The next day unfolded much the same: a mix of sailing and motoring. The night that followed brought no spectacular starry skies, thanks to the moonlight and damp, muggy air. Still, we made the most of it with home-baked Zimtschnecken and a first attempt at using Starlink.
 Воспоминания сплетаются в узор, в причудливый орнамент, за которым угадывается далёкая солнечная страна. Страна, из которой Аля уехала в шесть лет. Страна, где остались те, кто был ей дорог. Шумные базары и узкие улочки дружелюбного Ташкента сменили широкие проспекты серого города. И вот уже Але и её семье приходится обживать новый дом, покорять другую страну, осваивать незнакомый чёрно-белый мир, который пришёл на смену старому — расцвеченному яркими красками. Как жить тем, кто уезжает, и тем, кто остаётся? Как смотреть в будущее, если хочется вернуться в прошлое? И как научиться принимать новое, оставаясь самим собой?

---

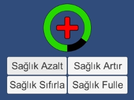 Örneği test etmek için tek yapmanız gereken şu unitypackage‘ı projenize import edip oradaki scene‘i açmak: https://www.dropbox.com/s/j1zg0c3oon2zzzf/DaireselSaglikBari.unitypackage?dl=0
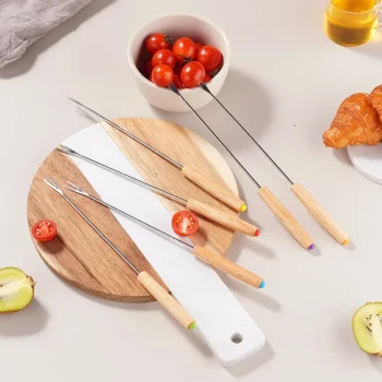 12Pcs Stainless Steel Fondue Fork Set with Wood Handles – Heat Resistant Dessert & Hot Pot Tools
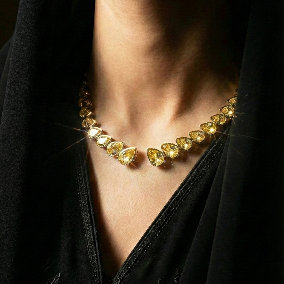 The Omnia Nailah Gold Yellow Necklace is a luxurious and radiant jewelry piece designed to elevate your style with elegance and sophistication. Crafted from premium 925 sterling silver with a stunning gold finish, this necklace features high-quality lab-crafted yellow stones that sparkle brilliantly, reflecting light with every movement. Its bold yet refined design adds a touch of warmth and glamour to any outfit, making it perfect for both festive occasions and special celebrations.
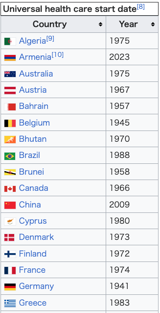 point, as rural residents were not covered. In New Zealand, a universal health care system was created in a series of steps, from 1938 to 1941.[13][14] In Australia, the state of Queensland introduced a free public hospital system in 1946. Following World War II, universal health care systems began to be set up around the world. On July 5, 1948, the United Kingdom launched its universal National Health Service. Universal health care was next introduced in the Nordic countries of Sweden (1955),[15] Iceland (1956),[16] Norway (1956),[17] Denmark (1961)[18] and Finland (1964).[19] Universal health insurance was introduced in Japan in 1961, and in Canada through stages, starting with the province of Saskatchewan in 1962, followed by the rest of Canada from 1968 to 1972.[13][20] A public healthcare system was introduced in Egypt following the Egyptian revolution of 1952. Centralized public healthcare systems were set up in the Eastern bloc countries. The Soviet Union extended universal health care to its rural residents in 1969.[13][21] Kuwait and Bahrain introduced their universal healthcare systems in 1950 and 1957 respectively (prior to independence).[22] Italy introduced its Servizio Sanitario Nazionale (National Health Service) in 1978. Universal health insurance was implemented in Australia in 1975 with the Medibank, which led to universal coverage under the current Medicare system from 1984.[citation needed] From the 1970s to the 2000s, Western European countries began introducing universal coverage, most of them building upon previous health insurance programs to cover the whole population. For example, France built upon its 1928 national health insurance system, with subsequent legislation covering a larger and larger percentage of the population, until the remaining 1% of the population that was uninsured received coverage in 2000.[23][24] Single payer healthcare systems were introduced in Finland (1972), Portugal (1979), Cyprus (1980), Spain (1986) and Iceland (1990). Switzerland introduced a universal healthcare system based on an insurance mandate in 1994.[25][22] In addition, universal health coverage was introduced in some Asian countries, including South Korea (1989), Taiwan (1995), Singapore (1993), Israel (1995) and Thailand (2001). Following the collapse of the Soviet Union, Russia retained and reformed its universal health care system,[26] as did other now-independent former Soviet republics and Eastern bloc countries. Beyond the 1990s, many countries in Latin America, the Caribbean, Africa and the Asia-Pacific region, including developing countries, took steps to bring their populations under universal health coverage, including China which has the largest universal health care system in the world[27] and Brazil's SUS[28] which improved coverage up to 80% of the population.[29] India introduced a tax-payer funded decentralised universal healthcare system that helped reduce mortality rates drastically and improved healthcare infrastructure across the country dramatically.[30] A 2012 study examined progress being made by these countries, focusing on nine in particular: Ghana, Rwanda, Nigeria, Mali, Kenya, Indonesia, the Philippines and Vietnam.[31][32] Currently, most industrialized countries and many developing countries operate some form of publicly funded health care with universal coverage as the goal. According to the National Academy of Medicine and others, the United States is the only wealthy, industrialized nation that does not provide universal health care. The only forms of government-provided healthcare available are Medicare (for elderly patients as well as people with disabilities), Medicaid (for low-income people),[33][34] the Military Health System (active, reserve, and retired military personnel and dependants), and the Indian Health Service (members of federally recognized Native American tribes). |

--

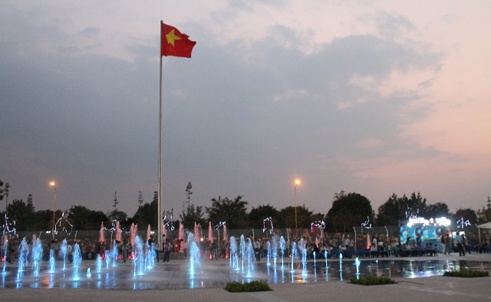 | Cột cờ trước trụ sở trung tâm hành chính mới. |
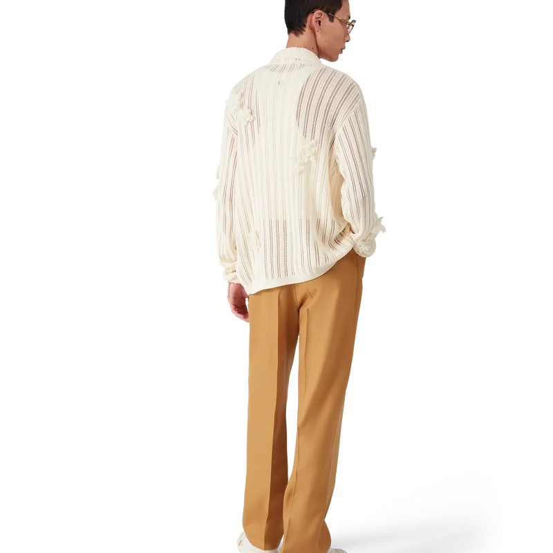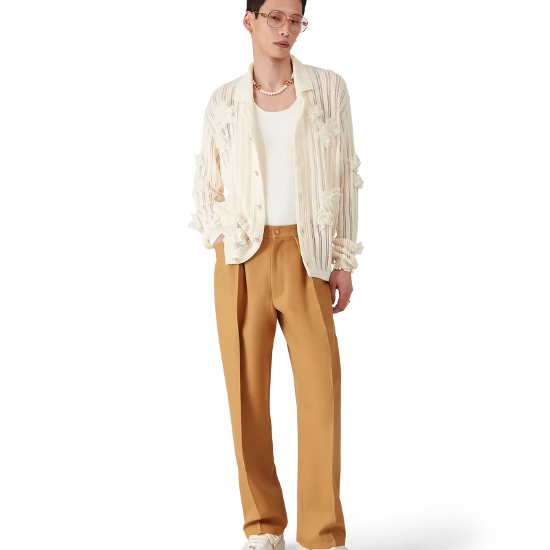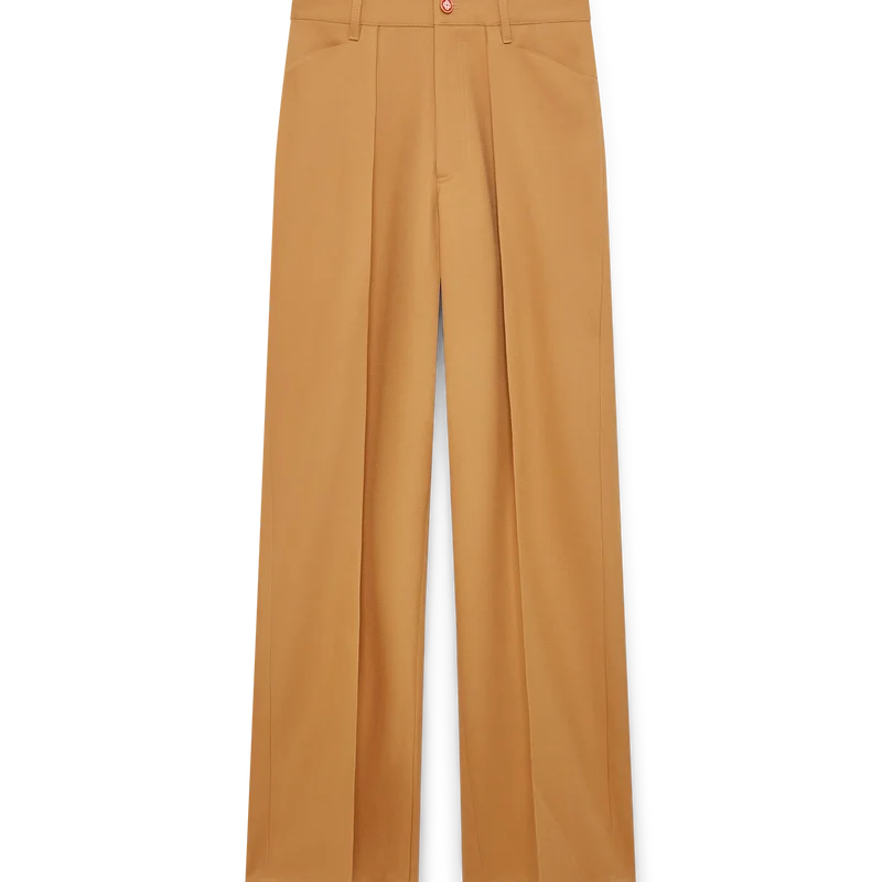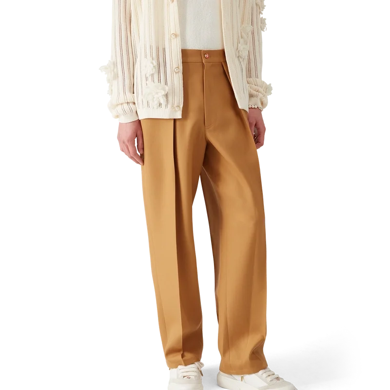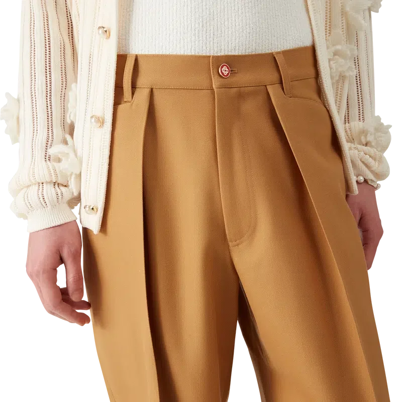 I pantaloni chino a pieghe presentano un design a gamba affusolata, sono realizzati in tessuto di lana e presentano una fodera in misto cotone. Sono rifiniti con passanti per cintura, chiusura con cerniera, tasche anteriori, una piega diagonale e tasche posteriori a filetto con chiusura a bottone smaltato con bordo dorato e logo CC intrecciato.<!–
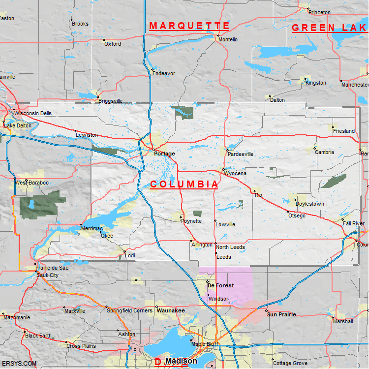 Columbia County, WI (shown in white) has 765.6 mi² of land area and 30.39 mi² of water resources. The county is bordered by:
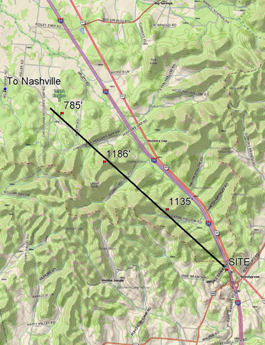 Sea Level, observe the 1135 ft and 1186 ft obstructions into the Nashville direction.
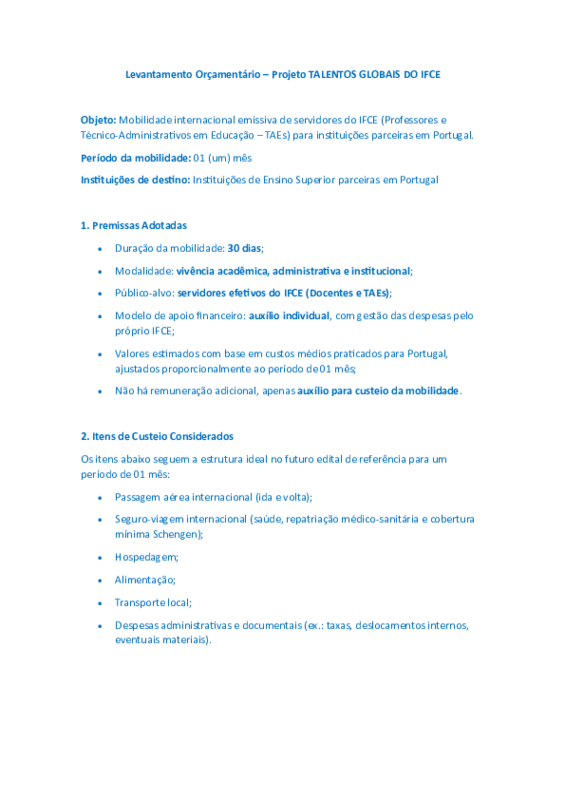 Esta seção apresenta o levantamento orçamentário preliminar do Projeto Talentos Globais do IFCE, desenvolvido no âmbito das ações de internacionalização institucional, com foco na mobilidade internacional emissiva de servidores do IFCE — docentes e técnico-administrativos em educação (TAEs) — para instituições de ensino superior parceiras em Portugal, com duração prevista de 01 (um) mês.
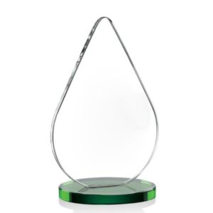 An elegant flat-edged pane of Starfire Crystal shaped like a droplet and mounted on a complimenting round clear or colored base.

- Problem -
Transcribe, word for word, the lines of the listing above from the one that contains "Esta seção apresenta" through the one that contains "An elegant flat-edged", keeping both ends and dropping the pictures.

- Result for this exercise -
 Esta seção apresenta o levantamento orçamentário preliminar do Projeto Talentos Globais do IFCE, desenvolvido no âmbito das ações de internacionalização institucional, com foco na mobilidade internacional emissiva de servidores do IFCE — docentes e técnico-administrativos em educação (TAEs) — para instituições de ensino superior parceiras em Portugal, com duração prevista de 01 (um) mês.
 An elegant flat-edged pane of Starfire Crystal shaped like a droplet and mounted on a complimenting round clear or colored base.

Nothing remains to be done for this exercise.